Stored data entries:
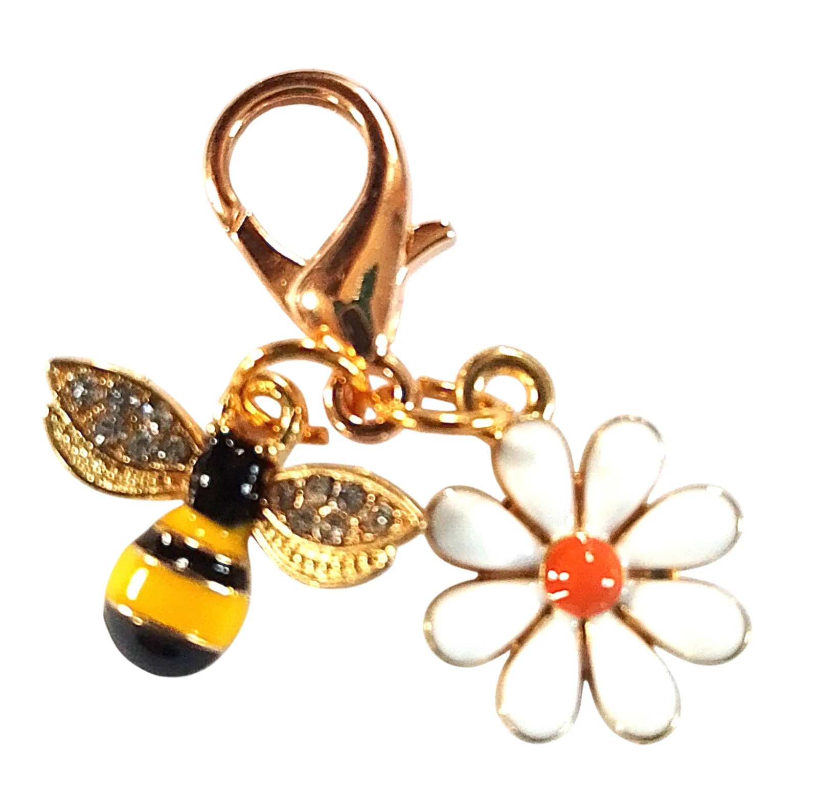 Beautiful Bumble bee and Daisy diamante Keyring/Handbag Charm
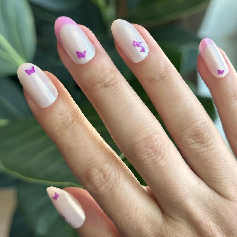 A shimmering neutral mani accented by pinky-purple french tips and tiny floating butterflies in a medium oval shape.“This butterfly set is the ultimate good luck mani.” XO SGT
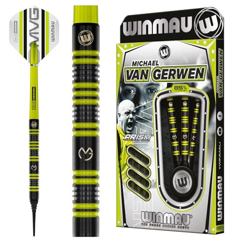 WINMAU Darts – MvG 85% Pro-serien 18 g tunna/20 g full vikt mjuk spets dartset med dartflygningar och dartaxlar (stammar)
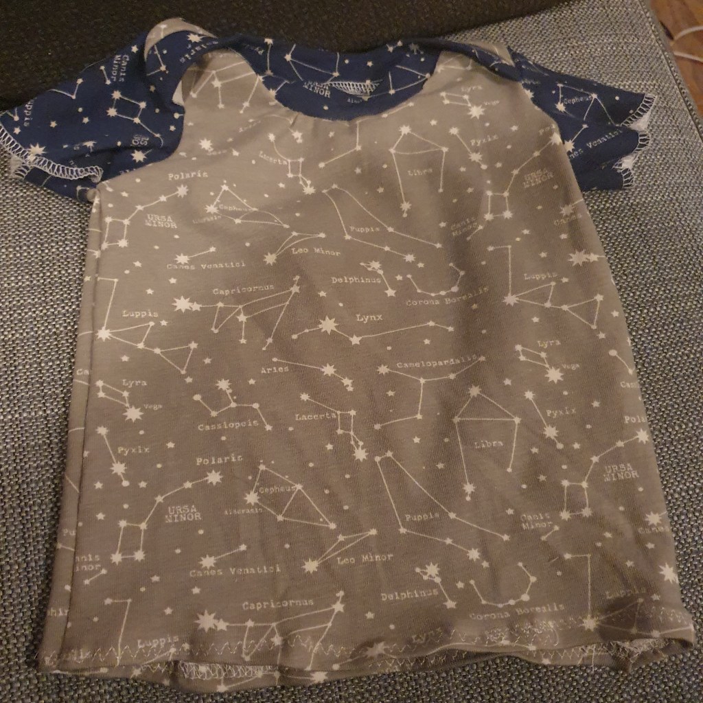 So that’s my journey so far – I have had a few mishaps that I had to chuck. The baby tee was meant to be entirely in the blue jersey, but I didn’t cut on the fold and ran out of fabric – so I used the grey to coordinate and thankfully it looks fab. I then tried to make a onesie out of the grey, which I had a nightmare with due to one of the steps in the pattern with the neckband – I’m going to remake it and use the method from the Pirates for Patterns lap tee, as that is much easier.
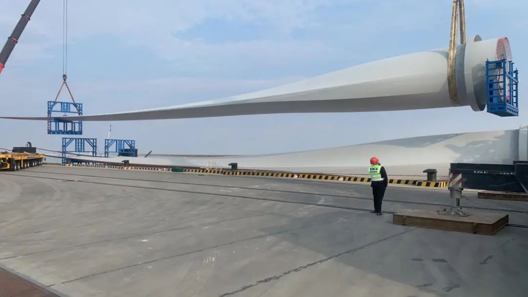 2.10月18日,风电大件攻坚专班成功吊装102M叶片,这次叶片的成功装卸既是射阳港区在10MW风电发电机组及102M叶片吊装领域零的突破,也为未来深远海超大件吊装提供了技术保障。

TRY IT:
Type out the data above again exactly as written, minus the images.

REPLY TO THE EXERCISE:
 Beautiful Bumble bee and Daisy diamante Keyring/Handbag Charm
 A shimmering neutral mani accented by pinky-purple french tips and tiny floating butterflies in a medium oval shape.“This butterfly set is the ultimate good luck mani.” XO SGT
 WINMAU Darts – MvG 85% Pro-serien 18 g tunna/20 g full vikt mjuk spets dartset med dartflygningar och dartaxlar (stammar)
 So that’s my journey so far – I have had a few mishaps that I had to chuck. The baby tee was meant to be entirely in the blue jersey, but I didn’t cut on the fold and ran out of fabric – so I used the grey to coordinate and thankfully it looks fab. I then tried to make a onesie out of the grey, which I had a nightmare with due to one of the steps in the pattern with the neckband – I’m going to remake it and use the method from the Pirates for Patterns lap tee, as that is much easier.
 2.10月18日,风电大件攻坚专班成功吊装102M叶片,这次叶片的成功装卸既是射阳港区在10MW风电发电机组及102M叶片吊装领域零的突破,也为未来深远海超大件吊装提供了技术保障。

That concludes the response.